GIVEN MATERIAL
####################
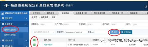 第二步,登錄“福建省強制檢定計量器具管理系統”網上報檢
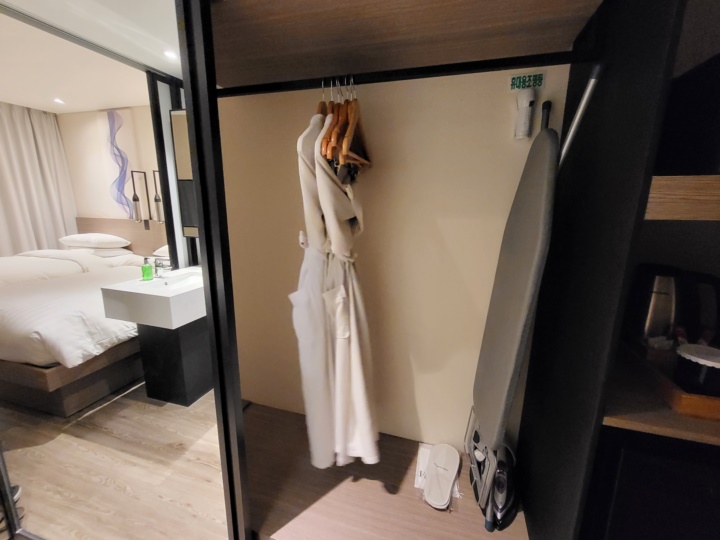 옷장이 미닫이로 구획이 되어 있어서 공간활용이 잘 되어 있다. 좁은데 활용도가 아주 짱임. 샤워가운과 다리미, 다리미판도 준비되어 있고 일회용 실내화도 있다. 페이필드 부산 해운대 호텔의 유일한 단점(?)이 바로 이 부직포 슬리퍼이다. 1박만 할 거면 큰 상관없는데 2박 이상이라면 다른 실내화 챙겨 오는 게 좋을 듯. 정말 잘 빵꾸난다 ㅋㅋㅋ 착용감도 '종이 신발' 신고 있는 거 같은 느낌;;;;
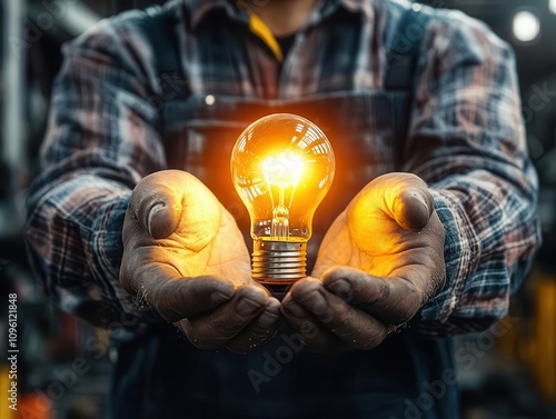 Workers hand holding a glowing light bulb, symbolizing innovation and labors role in progress
####################
Print the full listing again exactly, and drop every image from it.

RESPONSE TO THIS EXERCISE
 第二步,登錄“福建省強制檢定計量器具管理系統”網上報檢
 옷장이 미닫이로 구획이 되어 있어서 공간활용이 잘 되어 있다. 좁은데 활용도가 아주 짱임. 샤워가운과 다리미, 다리미판도 준비되어 있고 일회용 실내화도 있다. 페이필드 부산 해운대 호텔의 유일한 단점(?)이 바로 이 부직포 슬리퍼이다. 1박만 할 거면 큰 상관없는데 2박 이상이라면 다른 실내화 챙겨 오는 게 좋을 듯. 정말 잘 빵꾸난다 ㅋㅋㅋ 착용감도 '종이 신발' 신고 있는 거 같은 느낌;;;;
 Workers hand holding a glowing light bulb, symbolizing innovation and labors role in progress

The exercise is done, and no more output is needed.